So glad come yesterday that I had done the schedule and taken Friday off! My Saturday bike was an easy hour long ride around the hood with hubby, then I was off to run "faster than race pace" for an hour. I did my usual run 4/walk 1 min., but really picked it up on the run. I ended up running almost 6 miles-yay! This is really an accomplishment for me on a training run after a tough week physically and emotionally..

Sunday, a few of my riding buds showed up to support me in my last longish bike effort. A four hour bike ride with 4x20 minute Time Trials (haul ass as fast as you can for 20 minutes times four, then easy ride in between.) I was really appreciative that people showed up for "lil OLD me" to give me a send off to KONA. I was really touched! I have great friends here and lots of similarly crazy people to enable me in my enthusiastic goals...

I I really can't believe in 3 days I am off on a plane with my favorite SD (Supportive Dude). I really don't know if I could have done all the training it takes to prepare for Ironman number two In 2014 without my fantastic husband, who did almost all the training with me. Who does that? He didn't have to but he is my biggest fan and supporter-encouraging me in ways that only someone that knows and loves you so well can. I am one lucky chick!

I am starting the lists.. So much to do, so little time. I have even asked H to wear things over and over this week-NO MORE LAUNDRY!! Haha..I am somewhat stressed watching Ironman Kona specials from years past on YouTube. The race looks HOT. Really HOT! So not sure what my race gear should be. Wear too much and I will cook and that is not good..wear too little and I will get the effect of sun on my skin, causing more heat and dehydration. Oh, and everyone is different when it comes to the Island heat! I am really hoping all of this will be clear to me once I can actually feel the conditions for myself at the end of the week. Typically I don't feel all that good in humid high heat but we will see..worst case scenario, I have to buy something in Kona to wear...wow doesn't sound like a bad option to me! Is there a Lululemon store in Kona? Lemme check on that..

 

 

 

 

 

 

 

 

 

 

 

 

Wednesday, September 24, 2014

18 Days til the Big Dance..

Friday I said goodbye to Chama and these guys:

This guy got up close and personal
On my last bike ride for the week, there they were. It was soooo cool! Friday I traveled back to the big city, got myself immediately to the Club Pool (different location-oh why can't the city pools be open midday???). I needed to share a lane so went with the older sweet looking gentleman, who apparently unbeknownst to me, was swimming backstroke-starfish style with paddles and fins..Really?? I managed to cut my hand on the water fill pipe on the edge of the pool, I was swimming so far to the side to avoid the guy. This went on even into my 20X100's, every other one "hard effort". Finally the "water aerobics" class (and I use this term loosely-sorry..) that took up 4 lanes was over and I got my own lane. The good news is I consistently swam my 100's in 1:40. This is really good for me. With 45 seconds rest and an easy 100 in between, I am a rockstar! Lol..hopefully this will translate to a decent swim in the clear waters of Hawaii in 3 weeks (yikes, I shudder at how close I am to the race).
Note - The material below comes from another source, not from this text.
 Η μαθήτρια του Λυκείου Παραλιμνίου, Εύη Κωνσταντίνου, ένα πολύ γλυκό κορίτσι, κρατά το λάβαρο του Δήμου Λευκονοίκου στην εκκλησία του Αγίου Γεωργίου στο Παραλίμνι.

I also Skyped with my coach Michael on Friday. He is in Hawaii already (from Australia). No, I'm not too jealous! It was good to see him and the conversation about my training, the Kona course, etc. brought the race even closer to reality..Always feeling uplifted and younger than I am after talking to my coach, I went to sleep anxious to get the coming two days, my biggest training weekend so far and ever, maybe.
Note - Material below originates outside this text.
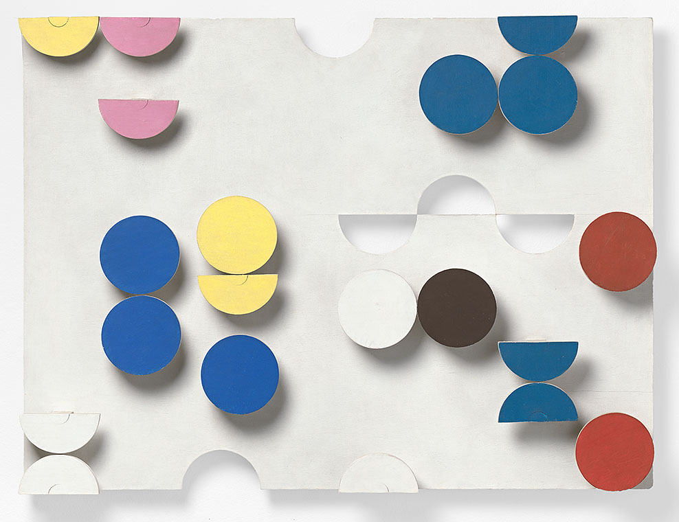 Sophie Taeuber, Relief rectangulaire, cercles découpés, rondelles sur tiges, 1936, Öl auf Holz, 60 x 80 x 8 cm, Kunst Museum Winterthur (Archiv-Nr. 1401290009)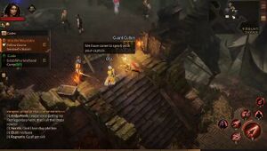 - 틀:Imm: 당신인가. 여행 중에 고행자를 만날 줄은 몰랐군. 자베인 산의 소란을 잠재우기 위해 파견된 다른 수도사가 있다는 이야기는 듣지 못했는데. 날뛰는 카즈라들이 당신을 성가시게 하지는 않았겠지?

Saturday, up and atem, ready for my epic 2.5 hour run, followed by a 40 minute run in the ("PM"). I noticed my stomach felt kinda queasy and had some pain there up in Chama the last couple days, but didn't think much of it at the time. I started my run down Tramway and about 20 min. in my stomach started to go South. Horrible gas pains, don't want to be too graphic but I had to stop a dozen times to the potty. Luckily there were some along the way. At one point, I dashed onto a running trail to find a proper bush and boom! tripped over my right shoe, these same thing I have done many times. I managed to scrape my left knee which is typically what I scrape when I fall. There were some blood. So I scooped myself off the ground put the Band-Aid that I have with me on my knee and went along my merry way. A couple of people stopped to ask if they could help and was I alright. I graciously said no and then cursed under my breath. My left knee is not too happy with me! I have abused it one too many times..
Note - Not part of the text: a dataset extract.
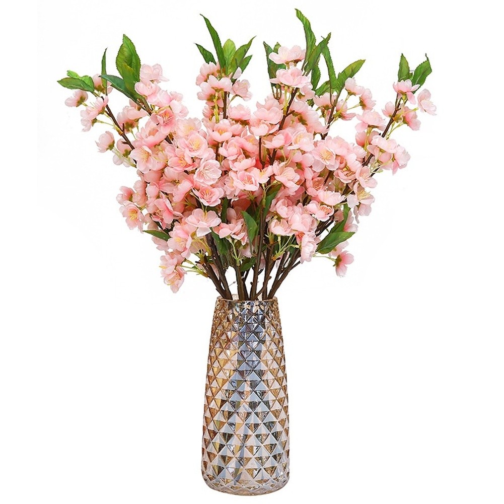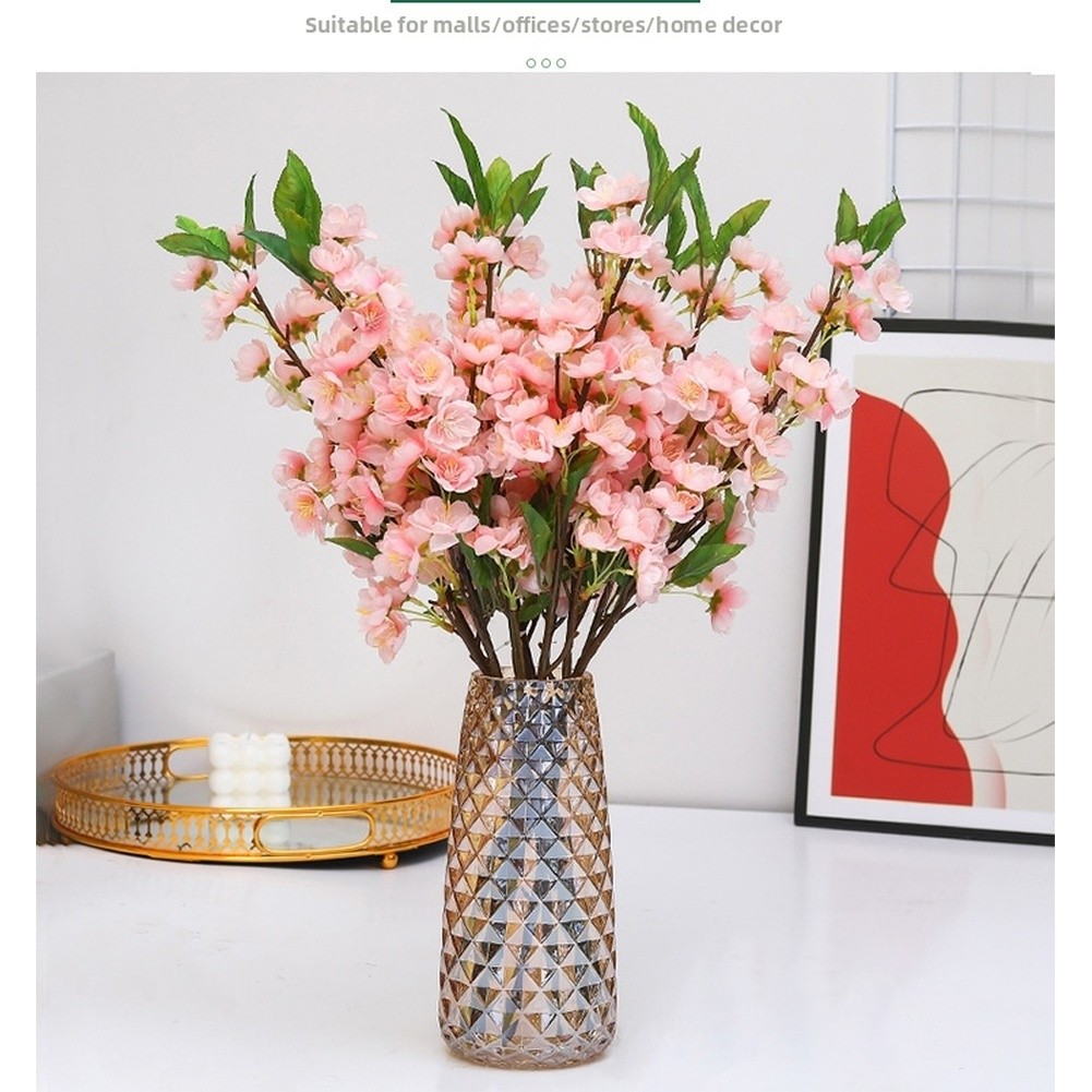 Silk Artificial Peach Blossom Branch for Wall Shelf Mantel Decor Display

On I went with my miserable run. The stomach was a real issue. Was it the tacos and burritos I has eaten on Friday? Or a stomach bug? Whatever, I did the run, even the 30 minute sets "within the run" at "effort" (faster). All in all I kept it together to finish. I felt quite dehydrated by the end and was pretty much worth nothing the rest of the day. I was suppose to do an "optional" 30 minute swim afterwards but I was in no shape to carry on so just rested..I couldn't eat hardly anything my tummy was so rebellious, but managed to hydrate a bit as I knew Sunday would be a long ass day too. I emailed my coach-whaaaaa! Stomach is a mess..what to do? He calmed me down, as always. Just drink and eat as much as you can..have good ride tomorrow! I calmed down. This was my biggest training weekend before IMAZ Kona and I was pissed the physical issues were getting in the way!

Saturday night, we piled in the car and drove the hour+ to Sky City Casino, the home of the start of the Tour de Acoma, which was to be my 100 mile training ride for Sunday. The Tour de Acoma is an organized ride and race either 25,50 or 100 miles. We have done the 100 and 50 before. The Pueblo opens this area just once a year for cyclists. The race is well supported and views are absolutely stunning! Especially once you enter El Malpais National Conservatory Area:
(These are not my pics. I heisted them off the Internet)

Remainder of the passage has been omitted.